Logisch ist der Begriff „Propagandamaschienen“ ziemlich überspitzt, aber natürlich ist man wieder ein Verschwörungstheoretiker, wenn man nicht an unsere „freien“ Medien glaubt.
Ich kann schon verstehen, warum du vielen Meinungen hier kritisch gegenüber stehst, mumm, aber die Meinung „was ARD und ZDF zeigen muss stimmen!“ ist mindestens genauso kritisch, würde ich vielleicht mal überdenken. Aber sowas ist immer schwer, wenn man eine feste Meinung hat.
Hand auf’s Herz, ich kann mir nicht vorstellen, dass es jemals irgendwo Medien geben wird, die total wertungsfrei berichten. Menschen haben immer eine bestimmte Meinung, bekommen immer Geld von irgendwo geboten und werden wenigstens unterbewusst versuchen ihre Wertung in die Berichterstattung einzubringen. Magazine wie Compact oder deutsche Facebookseite von „Anonymus“ berichten auch nur einseitig, selbst, wenn sie das immer kritisieren.

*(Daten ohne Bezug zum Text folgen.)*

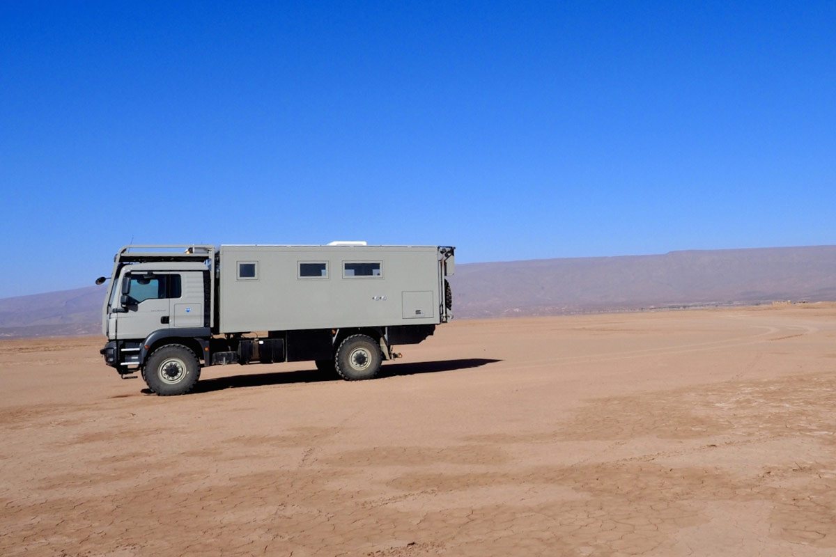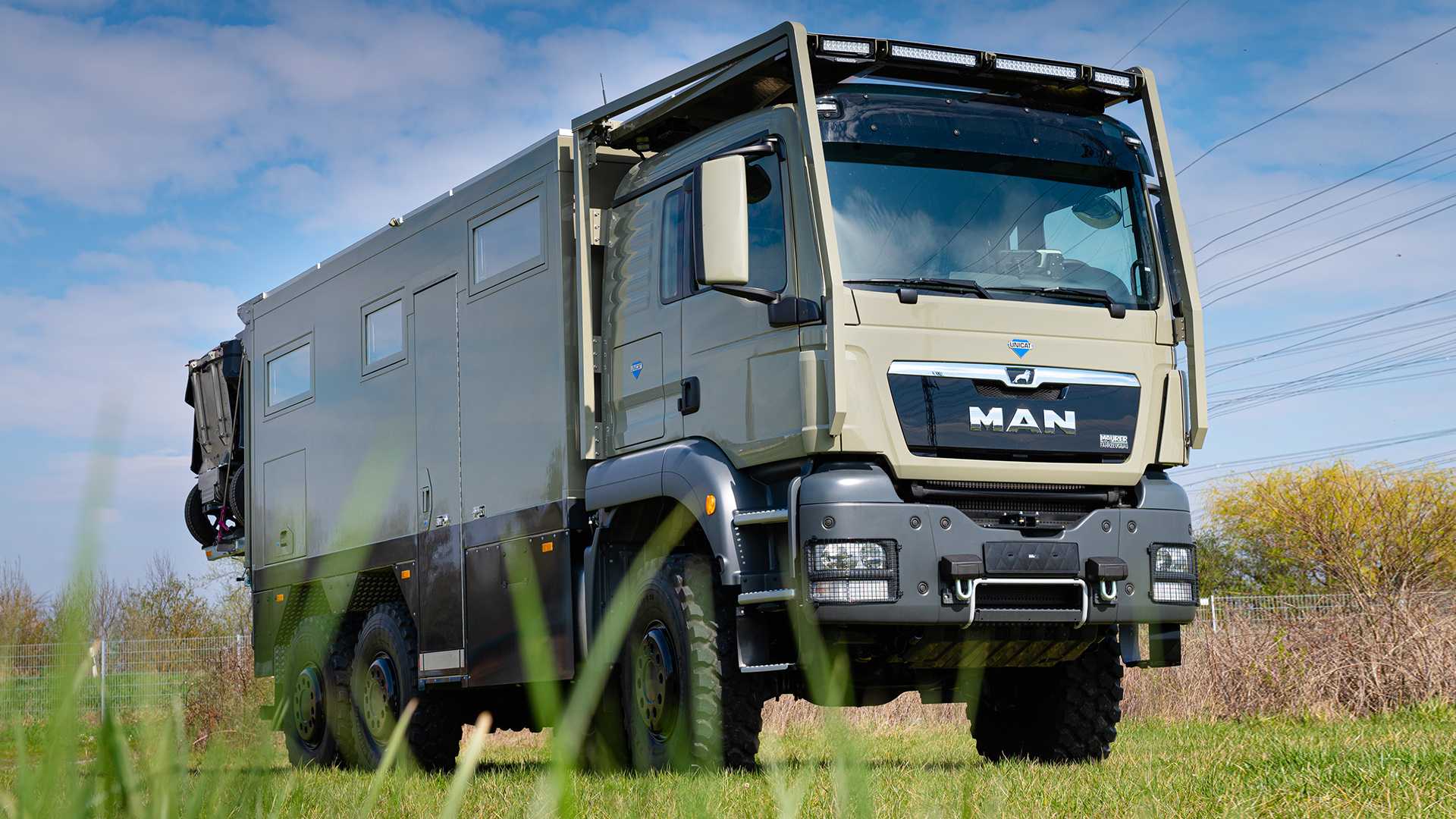 Mit dem eigenen Camper zu den entlegensten Punkten der Erde – ein Traum für viele, die mit überfüllten Campingplätzen nichts anfangen können und lieber für sich allein die Natur genießen wollen (ohne auf ein gewisses Maß an Luxus verzichten zu wollen). Das nötige Kleingeld vorausgesetzt, führt bei dem Wunsch nach einem Extrem-Camper, mit dem diese Ziele erreichbar sind, kein Weg am deutschen Hersteller Unicat vorbei. Neu im Programm hat die in Dettenheim bei Karlsruhe ansässige Firma den Unicat MD57, der auf dem allradgetriebene MAN TGM 18.340 4×4 mit 4,50 Meter Radstand und einem 6,9-Liter-Sechszylinder als Antriebseinheit basiert. Gekoppelt ist das 340 PS und 1.250 Nm leistende Aggregat an ein Tip-Matic-Getriebe mit zwölf Gängen. Für eine maximale Geländegängigkeit sorgen Längs- und Differenzial-Sperren an beiden Achsen sowie ein Verteilergetriebe mit Geländeuntersetzung.

Witzig, dass du verurteilst, dass man sofort als Nazi hingestellt wird, wenn man patriotistische Ansichten hat, aber gleichzeitig kommt von dir hier nur irgendeine Scheiße mit „ihr Dreckslinken!“, wenn jemand eine andere Meinung hat als du. Reiß dich mal zusammen und bring wenigstens Argumente, statt so ein Blödsinn von dir zu geben, nur weil jemand linkere Ansichten hat heißt das nicht, dass er gleich links ist und schon gar nicht, dass er deswegen im schwarzen Block steht.
Facepalm

Ich sehe keinen Link. :slight_smile:
Aber im Ernst, Medien sind gesteuert und manipulieren. Punkt.
Das tuen sie auch bei der Krise in der Ukraine. Eine mehrseitige Beleuchtung der Geschehnisse findet de Facto nicht statt. Deshalb ist es manipulativ, es wird einen eine Besichtungsseite aufgezwungen.